> **Aim of the exercise**:
Please return the records below exactly as they appear, leaving every picture out.

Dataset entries
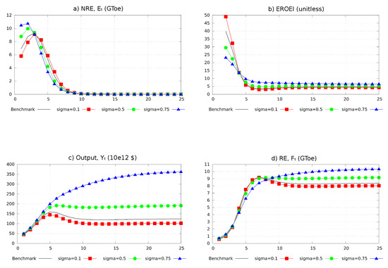 - Režný, L.; Bureš, V. Energy transition scenarios and their economic impacts in the extended neoclassical model of economic growth. Sustainability 2019, 11, 3644. [Google Scholar] [CrossRef]
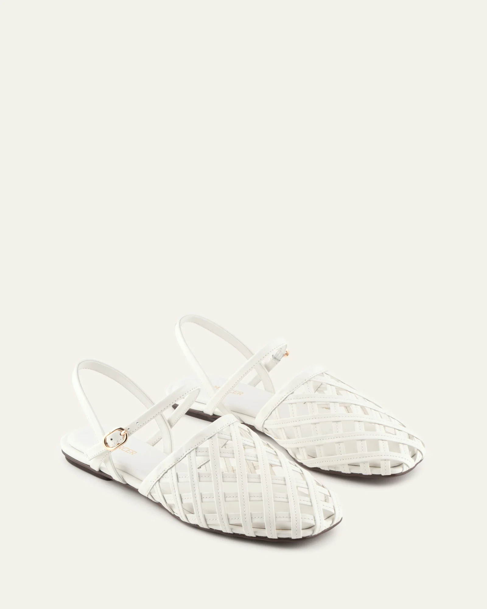 Meet EROS, the perfect everyday elevated casual flat. Featuring a softly squared toe and caged crinkle goat leather upper, its finished with a soft gold buckle, adjustable front strap and supportive heel strap.
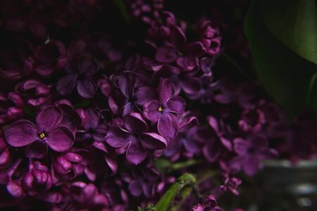 A bouquet of lilacs. Close up. Beautiful purple violet blooming lilac flowers. Greeting card.
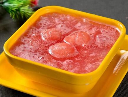 1、将部分西瓜打成汁,加入白糖和酵母搅拌至融化,然后加入西瓜果肉。
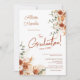 Fira din akademiska milstolpe med stil med vår bohemiska terrakotta-examensinbjudan med utsökta höstblommiga arrangemang och diskreta pampasgräsaccent. De varma färgerna bränt orange och terrakotta frammanar en känsla av rustik elegans och sätter den perfekta tonen för din examensfirande. Varje element i denna inbjudan har noggrant utformats för att återspegla säsongens skönhet och betydelsen av din prestation.
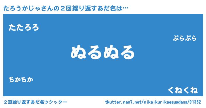 | 男性向けラノベタイトル風あだ名 | 『たろうかじゃの嫁は女の子じゃないと思った?』 |
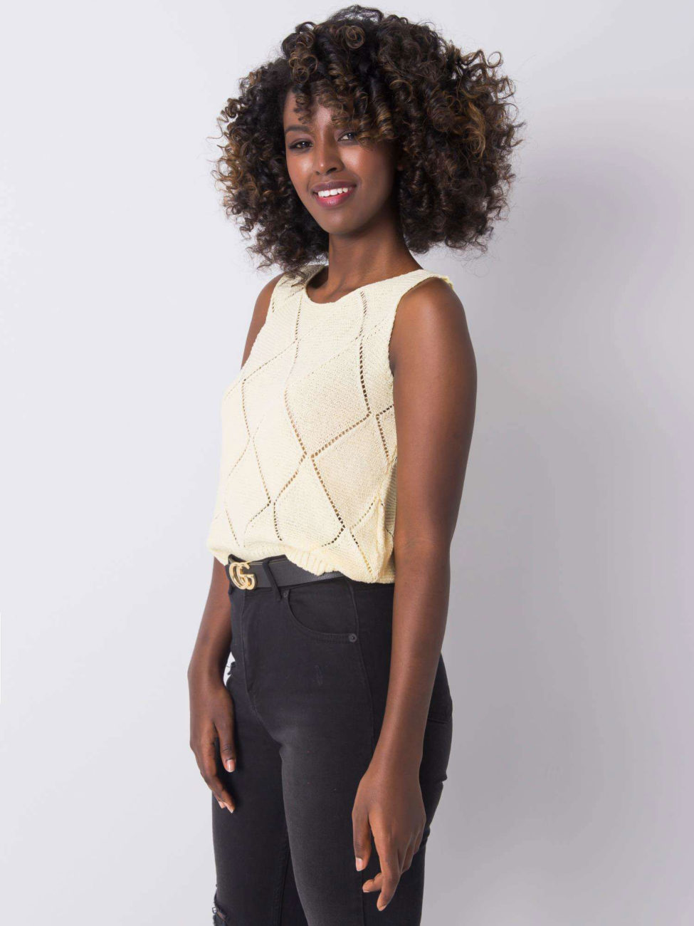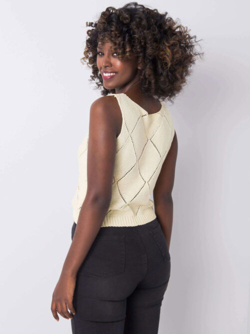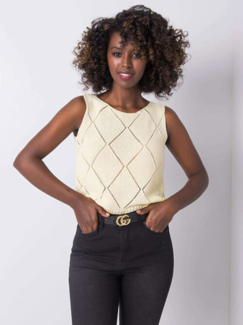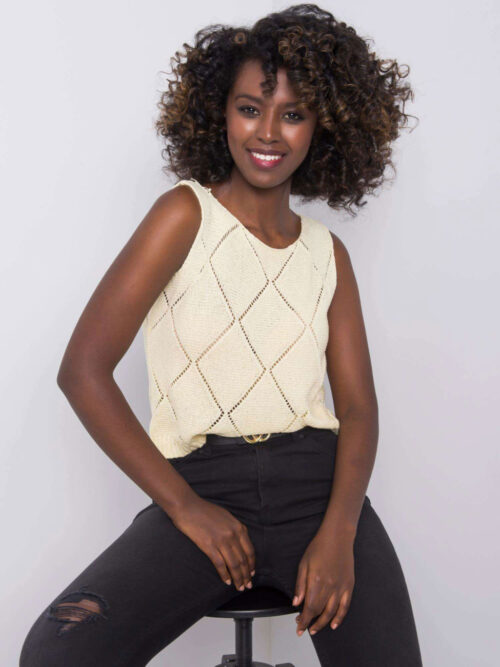 Štýlový pletený top bez rukávov v príjemnej svetlo žltej farbe. Top je skvele kombinovateľný kúsok, ktorý využiješ v množstve outfitov. Je kvalitne spracovaný, vyrobený z príjemného pleteného materiálu. Tento kúsok sa skvele hodí k elegantnejšiemu oblečeniu ale aj k rifliam, šortkám alebo k sukni. Trendy kúsok, ktorý si určite zamiluješ.
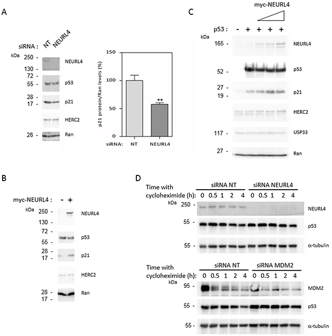 Figure 5: NEURL4 regulates the levels of p21 protein. (A and D) U2OS cells were transfected with non-targeting (NT), NEURL4 or MDM2 siRNAs. 72 h later, lysates were analyzed by immunoblotting with antibodies against the indicated proteins. Levels of p21 protein were quantified and normalized with respect to Ran levels. When it is indicated, cells were treated with cycloheximide (20 μg/ml) for the indicated times. (B) U2OS cells were transfected with pcDNA3 (-) or myc-NEURL4 (+) plasmids. (C) H1299 cells were transfected with 0.5 μg of p53 construct and increasing amounts (0.5, 1 and 2 μg) of myc-NEURL4 constructs. 48 h later, lysates from transfected cells were analyzed by immunoblotting with antibodies against the indicated proteins. Ran protein was analyzed as loading control. Data are expressed as mean ± S.E.M. Statistical analysis was carried out as described under “Materials and Methods”. The differences are shown with respect to NT siRNA. **, p< 0.01.

> **Answer to this task**:
 - Režný, L.; Bureš, V. Energy transition scenarios and their economic impacts in the extended neoclassical model of economic growth. Sustainability 2019, 11, 3644. [Google Scholar] [CrossRef]
 Meet EROS, the perfect everyday elevated casual flat. Featuring a softly squared toe and caged crinkle goat leather upper, its finished with a soft gold buckle, adjustable front strap and supportive heel strap.
 A bouquet of lilacs. Close up. Beautiful purple violet blooming lilac flowers. Greeting card.
 1、将部分西瓜打成汁,加入白糖和酵母搅拌至融化,然后加入西瓜果肉。
 Fira din akademiska milstolpe med stil med vår bohemiska terrakotta-examensinbjudan med utsökta höstblommiga arrangemang och diskreta pampasgräsaccent. De varma färgerna bränt orange och terrakotta frammanar en känsla av rustik elegans och sätter den perfekta tonen för din examensfirande. Varje element i denna inbjudan har noggrant utformats för att återspegla säsongens skönhet och betydelsen av din prestation.
 | 男性向けラノベタイトル風あだ名 | 『たろうかじゃの嫁は女の子じゃないと思った?』 |
 Štýlový pletený top bez rukávov v príjemnej svetlo žltej farbe. Top je skvele kombinovateľný kúsok, ktorý využiješ v množstve outfitov. Je kvalitne spracovaný, vyrobený z príjemného pleteného materiálu. Tento kúsok sa skvele hodí k elegantnejšiemu oblečeniu ale aj k rifliam, šortkám alebo k sukni. Trendy kúsok, ktorý si určite zamiluješ.
 Figure 5: NEURL4 regulates the levels of p21 protein. (A and D) U2OS cells were transfected with non-targeting (NT), NEURL4 or MDM2 siRNAs. 72 h later, lysates were analyzed by immunoblotting with antibodies against the indicated proteins. Levels of p21 protein were quantified and normalized with respect to Ran levels. When it is indicated, cells were treated with cycloheximide (20 μg/ml) for the indicated times. (B) U2OS cells were transfected with pcDNA3 (-) or myc-NEURL4 (+) plasmids. (C) H1299 cells were transfected with 0.5 μg of p53 construct and increasing amounts (0.5, 1 and 2 μg) of myc-NEURL4 constructs. 48 h later, lysates from transfected cells were analyzed by immunoblotting with antibodies against the indicated proteins. Ran protein was analyzed as loading control. Data are expressed as mean ± S.E.M. Statistical analysis was carried out as described under “Materials and Methods”. The differences are shown with respect to NT siRNA. **, p< 0.01.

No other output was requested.